For each method, concept or process used in the knowledge synthesis:

  • tick-box-checkedWas the method, concept or process appropriate?
  • tick-box-checkedWould some other method, concept or process have been better?
  • tick-box-checkedWhat are the criteria for making these assessments?


This checklist tackles the first of three primary domains for documenting the methods used in research on complex societal and environmental problems:

  1. synthesis of disciplinary and stakeholder knowledge
  2. understanding and managing unknowns
  3. providing integrated research support (bringing together both what is known and unknowns) for policy and practice change.

These are described in more detail in Bammer (2013).

The rationale for developing an agreed protocol for writing the methods section in papers abut tackling complex real world problems is described in an earlier blog post: The ‘methods section’ in research publications on complex problems – Purpose.

Does this protocol work for you? Do any questions need further explanation? What adaptations would you advise?

Melissa Robson-Williams and Bruce Small made useful suggestions on an earlier draft of the checklist.

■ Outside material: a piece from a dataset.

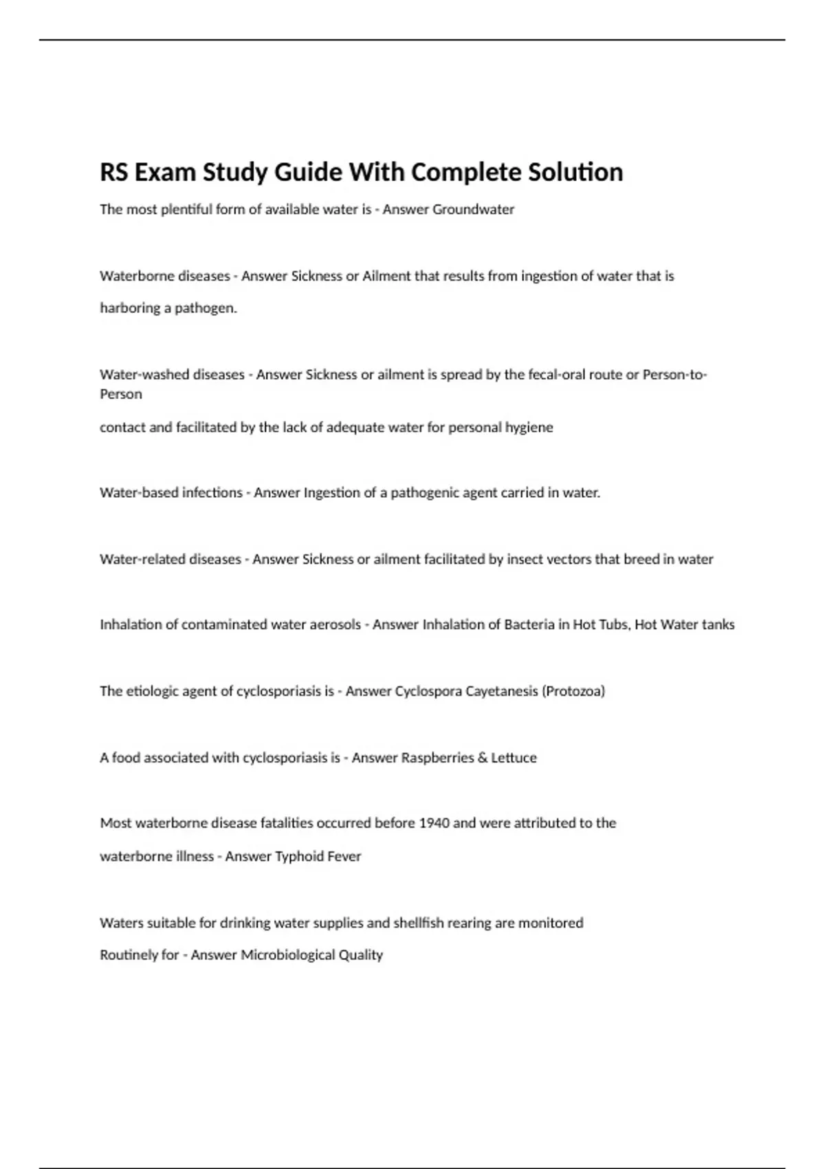 The most plentiful form of available water is - Answer Groundwater Waterborne diseases - Answer Sickness or Ailment that results from ingestion of water that is harboring a pathogen. Water-washed diseases - Answer Sickness or ailment is spread by the fecal-oral route or Person-to-Person contact and facilitated by the lack of adequate water for personal hygiene Water-based infections - Answer Ingestion of a pathogenic agent carried in water. Water-related diseases - Answer Sickness or ailment facilitated by insect vectors that breed in water Inhalation of contaminated water aerosols - Answer Inhalation of Bacteria in Hot Tubs, Hot Water tanks The etiologic agent of cyclosporiasis is - Answer Cyclospora Cayetanesis (Protozoa) A food associated with cyclosporiasis is - Answer Raspberries & Lettuce Most waterborne disease fatalities occurred before 1940 and were attributed to the waterborne illness - Answer Typhoid Fever Waters suitable for drinking water supplies and shellfish rearing are monitored Routinely for - Answer Microbiological Quality Only___________of the global content of water constitutes fresh water - Answer 2.6% A waterborne disease that can be prevented through vaccinations is - Answer poliomyelitis The World Health Organization (WHO) estimates that__________of all diseases are attributable to inadequate water or sanitation - Answer 80% Viral infections readily spread through drinking water, food and water-contact recreation activities due to: - Answer The low infectious dose of viral and protozoan pathogens What is Shigellosis specific agent? - Answer Shigella What is Shigellosis reservoir? - Answer Feces of carrier and infected people What are the symptoms of Shigellosis? - Answer abdominal cramps, fever, diarrhea, blood and mucus in stool What is the incubation period of Shigellosis? - Answer 1-7 days, average 4 days Botulism specific agent? - Answer Clostridium botulinum /C. parabotulinum toxin Botulism reservoir? - Answer soil, dust, fruit, veg, food, mud, fish, feces Botulism symptoms? - Answer diarrhea, vomiting/nausea Botulism incubation period? - Answer 2- 8 days , avg 12-36 hr Bacillus cereus food poisoning (Emetic Type) specific agent? - Answer Bacillus cereus Bacillus cereus food poisoning (Emetic Type) reservoir? - Answer spores in cereal, spice, veg, milk Bacillus cereus food poisoning (Emetic Type) symptoms? - Answer diarrhea, vomiting/nausea Bacillus cereus food poisoning (Emetic Type) incubation period? - Answer 1-6 hr Bacillus cereus foodborne illness (Diarrheal Type) specific agent - Answer Bacillus cereus Bacillus cereus foodborne illness (Diarrheal Type) reservoir? - Answer spores in cereal, spice, veg,milk Bacillus cereus foodborne illness (Diarrheal Type) symptoms? - Answer diarrhea, cramps, vomiting/nausea Bacillus cereus foodborne illness (Diarrheal Type) incubation period? - Answer 6-16 hrs Typhoid Fever specific agent? - Answer Typhoid bacillus Typhoid Fever reservoir? - Answer Feces/urine of typhoid carrier/patient Typhoid Fever symptoms? - Answer Flu-like, fever, rose spots, diarrhea Typhoid Fever incubation period? - Answer 14 days, avg 7-21 days Campylobacter enteritis specific agent? - Answer Campylobacter Campylobacter enteritis reservoir? - Answer chicken, swine, dogs, cats, man, raw milk Campylobacter enteritis symptoms? - Answer watery diarrhea, abdominal pain, fever, chills Campylobacter enteritis incubation period? - Answer 1-10 days, avg 2-5 days Amebiasis specific agent? - Answer Entamobea histolytica Amebiasis reservoir? - Answer bowel discharges of carrier of infected person Amebiasis symptoms? - Answer loss of appetite, abdominal discomfort, blood, mucus Amebiasis incubation period? - Answer 5 days or longer, avg 2-4 weeks Staphylococcus food poisoning specific agent? - Answer Staphylococci Staphylococcus food poisoning reservoir? - Answer skin, mucus, membranes, puss, dust Staphylococcus food poisoning symptoms? - Answer acute nausea, vomiting, nausea Staphylococcus food poisoning incubation period? - Answer 1-6 hr, avg 2-4 hrs Cholera specific agent? - Answer Vibrio cholerae Cholera reservoir? - Answer feces, vomitus, carriers Cholera symptoms? - Answer diarrhea, rice water stools, vomiting, thirst, pain, coma Cholera incubation period? - Answer 1 hr - 5 days, avg 3 days Yersiniosis specific agent? - Answer Yersina entercolitica Yersiniosis reservoir? - Answer wild and domestic animals, birds, man, surface water Yersiniosis symptoms? - Answer diarrhea, cramps, fever, headache, vomiting, rash Yersiniosis incubation period? - Answer 3-7 days, avg 2-3 days Trichinosis specific agent? - Answer Trichinella spiralis Trichinosis reservoir? - Answer pigs, bears, boars, rats, foxes, wolves Trichinosis symptoms? - Answer nausea, vomiting, diarrhea, muscle pain, swelling of face/eyes Trichinosis incubation period? - Answer 2-28 days , avg 9 days Cryptospordiosis specific agent? - Answer Cryptosporidium spp. Cryptospordiosis reservoir? - Answer farm animals, man, fowl, cat Cryptospordiosis symptoms? - Answer flu-like, diarrhea, vomiting, nausea Cryptospordiosis incubation period? - Answer 2-21 days, avg 2-10 days Clostridium perfringins food poisoning specific agent? - Answer Clostridium perfringens Clostridium perfringins food poisoning reservoir? - Answer soil, GI tract Clostridium perfringins food poisoning symptoms? - Answer sudden abdominal pain then diarrhea/nausea Clostridium perfringins food poisoning incubation period? - Answer 8-22 hrs, avg 10-12 hr Giardiasis specific agent? - Answer Giardia lamblia Giardiasis symptoms? - Answer prolonged diarrhea, abdominal cramps, severe weightloss Giardiasis incubation period? - Answer 6-22 days, avg 9 days Listeriosis specific agent? - Answer Listeria monocytogenes Listeriosis reservoir? - Answer goats, cattle, man, fowl, soil, water, sewage Listeriosis incubation period? - Answer 2 days to 3 weeks Scombroid fish poisoning specific agent? - Answer scombrotoxin Scombroid fish poisoning reservoir

Bammer, G. (2013). Disciplining Interdisciplinarity: Integration and Implementation Sciences for Researching Complex Real-World Problems. ANU Press: Canberra, Australia. Online: http://press.anu.edu.au?p=222171

Biography: Gabriele Bammer PhD is a professor at The Australian National University in the Research School of Population Health’s National Centre for Epidemiology and Population Health. She is developing the new discipline of Integration and Implementation Sciences (i2S) to improve research strengths for tackling complex real-world problems through synthesis of disciplinary and stakeholder knowledge, understanding and managing diverse unknowns and providing integrated research support for policy and practice change. 

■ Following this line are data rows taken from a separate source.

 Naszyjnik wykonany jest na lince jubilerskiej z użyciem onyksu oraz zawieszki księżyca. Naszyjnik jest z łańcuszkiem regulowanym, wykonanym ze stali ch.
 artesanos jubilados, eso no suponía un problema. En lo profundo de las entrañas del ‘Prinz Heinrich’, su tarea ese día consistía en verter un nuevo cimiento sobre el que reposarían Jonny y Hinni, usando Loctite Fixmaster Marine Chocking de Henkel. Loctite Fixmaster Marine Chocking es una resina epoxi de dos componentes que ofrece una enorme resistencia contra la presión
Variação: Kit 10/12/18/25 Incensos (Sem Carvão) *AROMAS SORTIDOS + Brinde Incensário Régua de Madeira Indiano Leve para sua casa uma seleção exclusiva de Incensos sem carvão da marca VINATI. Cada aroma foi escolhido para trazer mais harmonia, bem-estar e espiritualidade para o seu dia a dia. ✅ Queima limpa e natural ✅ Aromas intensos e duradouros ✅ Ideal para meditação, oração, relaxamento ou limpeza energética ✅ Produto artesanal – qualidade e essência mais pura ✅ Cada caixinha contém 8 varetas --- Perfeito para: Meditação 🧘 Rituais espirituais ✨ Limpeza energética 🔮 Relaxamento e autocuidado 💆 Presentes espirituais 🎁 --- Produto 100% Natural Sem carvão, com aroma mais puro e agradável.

8 thoughts on “A checklist for documenting knowledge synthesis”

  1. Gabriele–as usual you have posted a most useful article. It is one that could be applied to foresight studies which demand knowledge synthesis. Thank you for your work. Jim

  2. Great list – You might add something about how the resulting/synthesized knowledge should be more systemic than the starting knowledge. Too often, especially in the academic world, there is “cherry picking” of concepts so that the resulting knowledge is little (if any better) than the starting knowledge. In contrast, I believe we can accelerate the advancement of knowledge to better understand and resolve the wicked complex problems by more effectively synthesizing our knowledge. https://www.researchgate.net/publication/271525902_Existing_and_emerging_methods_for_integrating_theories_within_and_between_disciplines

  3. Thank-you Gabriele for this well-structured, comprehensive (if exhausting) checklist. Some comments from dealing with practical issues and trying to find and implement resolutions:

    The decision making is necessarily iterative – when the conclusions/recommendations are reached collaborators/stakeholders and even the diverse “virtue signallers” who emerge, will respond, in general prompting further review and adjustment.

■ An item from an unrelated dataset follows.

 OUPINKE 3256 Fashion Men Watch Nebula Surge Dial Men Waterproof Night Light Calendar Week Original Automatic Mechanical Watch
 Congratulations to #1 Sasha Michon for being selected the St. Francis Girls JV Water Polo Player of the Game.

    Explicit statements of scope and boundaries is crucial (stakeholders’ objectives, interests, capabilities etc, resources that may be deployed and timelines). Further iteration may respond to the need for adjustment of scopes.

    Explicit statement is crucial of how the value of “difficult to compare” objectives (and their costs and benefits of achieving them) is required – again, further iteration may respond to the need for adjustment of comparative value parameters.

    • Thanks. Absolutely agree with all your comments, and especially on iteration. Part of the point is to help funders, research leaders, researchers and stakeholders understand that to do knowledge synthesis well requires a substantial commitment of time and other resources.